I've had a heck of a time figuring this out, so I thought I would share. In a nutshell, this shows how to introduce your own service file (skydns.service) to the coreos machine via the cloud-config's write_file mechanism, and then how to start that unit and make it part of systemd's responsibility to keep up.
I have coreos running on digitalocean with etcd/fleet/flanneld. I decided I wanted discovery and dns to be part of my installation. So, I added skydns and registrator to the cloud-config file. I have some reservations about this, mixing *my* configuration with the coreos configuration, but, I really wanted the common denominator on a fleet machine to include container discovery and dns.
To that end, I created service files and had no problem running skydns and registrator manually *after* the coreos fleet booted and synced up. But, I really wanted to have a fleet machine ready to go after it was created on digital ocean, no more fiddling needed.

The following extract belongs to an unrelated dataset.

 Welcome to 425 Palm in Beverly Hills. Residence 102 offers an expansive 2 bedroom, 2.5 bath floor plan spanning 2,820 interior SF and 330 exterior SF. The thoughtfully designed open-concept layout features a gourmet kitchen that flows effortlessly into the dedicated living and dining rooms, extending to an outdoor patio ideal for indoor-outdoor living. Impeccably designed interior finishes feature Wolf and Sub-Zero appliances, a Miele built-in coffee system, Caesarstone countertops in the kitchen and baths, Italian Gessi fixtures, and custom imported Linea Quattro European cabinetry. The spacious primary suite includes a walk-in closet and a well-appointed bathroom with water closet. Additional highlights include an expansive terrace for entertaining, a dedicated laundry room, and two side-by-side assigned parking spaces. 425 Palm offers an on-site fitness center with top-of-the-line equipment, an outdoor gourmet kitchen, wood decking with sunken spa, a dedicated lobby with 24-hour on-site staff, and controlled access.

So I thought it would be simple to add 2 more units to the cloud-config. I couldn't get them to work in a reliable way. Sometimes they would work, sometimes not. It basically boiled down to my lack of understanding with systemd. I did two things. In the service definition I put the [Install] section. When the cloud-config's unit definition does 'enable: true', the [Install] section is used to create links and make the service part of systemd's responsibility. Of course there needs to be the command: start as well, I had this in my initial versions, but, if anything failed during the attempted start everything would stop, and a retry would not happen. By doing the enable:true I made it part of systemd's mission to keep this service up, and to retry as appropriate.

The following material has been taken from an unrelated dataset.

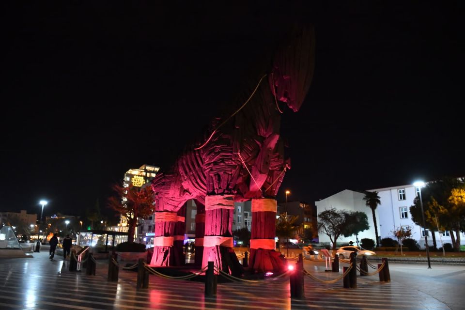 Çanakkale Belediyesi tarafından 15 Ekim Meme Kanseri Farkındalık Günü kapsamında Truva Atı ve Saat Kulesi’ni pembe renkte ışıklandırıldı.
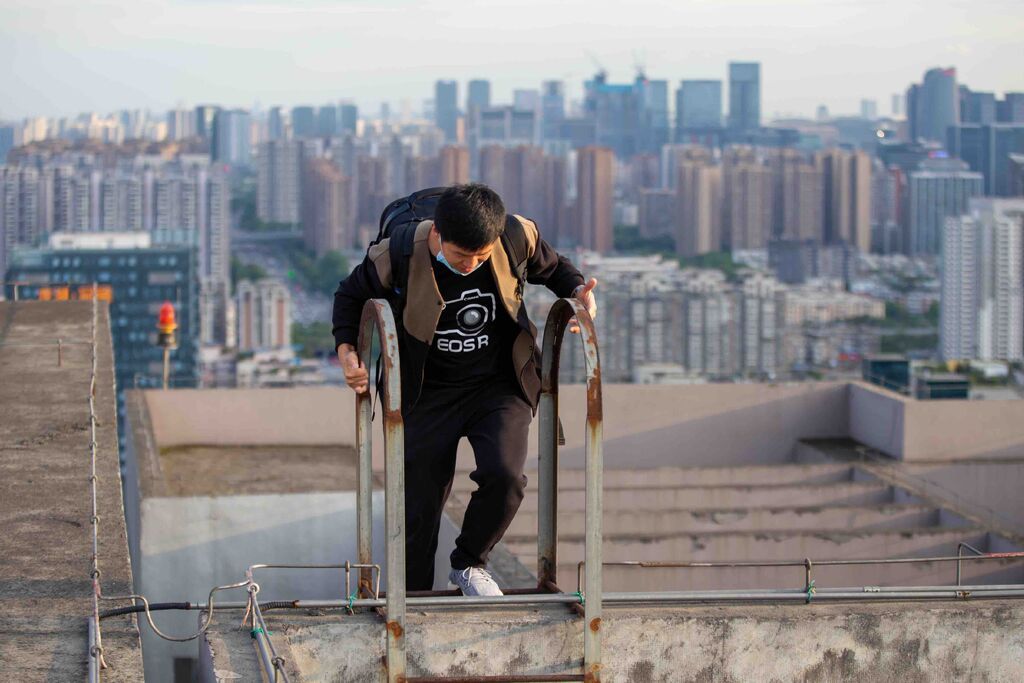 此后,他如勇敢探险家,穿梭于成都高楼间,不惧艰难与狂风,只为寻找独特机位。每座高楼都是新挑战与创作天地,他背着沉重设备攀登,汗水湿透衣衫,眼神却始终坚定。

Also, I can now kill the container running skydns, and systemd will restart it!
All of this is guess work on my part, I have read through systemd documentation and coreos documentation. If there is a better way to do this I'd like to know! Here is the relevant piecework of my cloud-config file:
#cloud-config
hostname: a
...
write_files:
- path: /etc/systemd/system/skydns.service
permissions: 0644
owner: core:core
content: |
[Unit]
Description=SkyDNS service discovery
After=flanneld.service docker.service etcd.service
Requires=flanneld.service docker.service etcd.service
[Service]
Restart=always
ExecStartPre=-/usr/bin/env docker kill skydns
ExecStartPre=-/usr/bin/env docker rm skydns
ExecStartPre=/usr/bin/env docker pull tacodata/skydns-coreos
ExecStart=/usr/bin/env bash -c '/usr/bin/docker run --name skydns -p 53:53/udp tacodata/skydns-coreos'
ExecStop=-/usr/bin/docker stop skydns
[Install] WantedBy = multi-user.target
...
coreos:
etcd:
...
units:
...
- name: skydns.service
enable: true
command: start
I think it is worth mentioning that the section :
Does not exist in this service definition. However the service is run on all coreos hosts because it is part of the #cloud-config.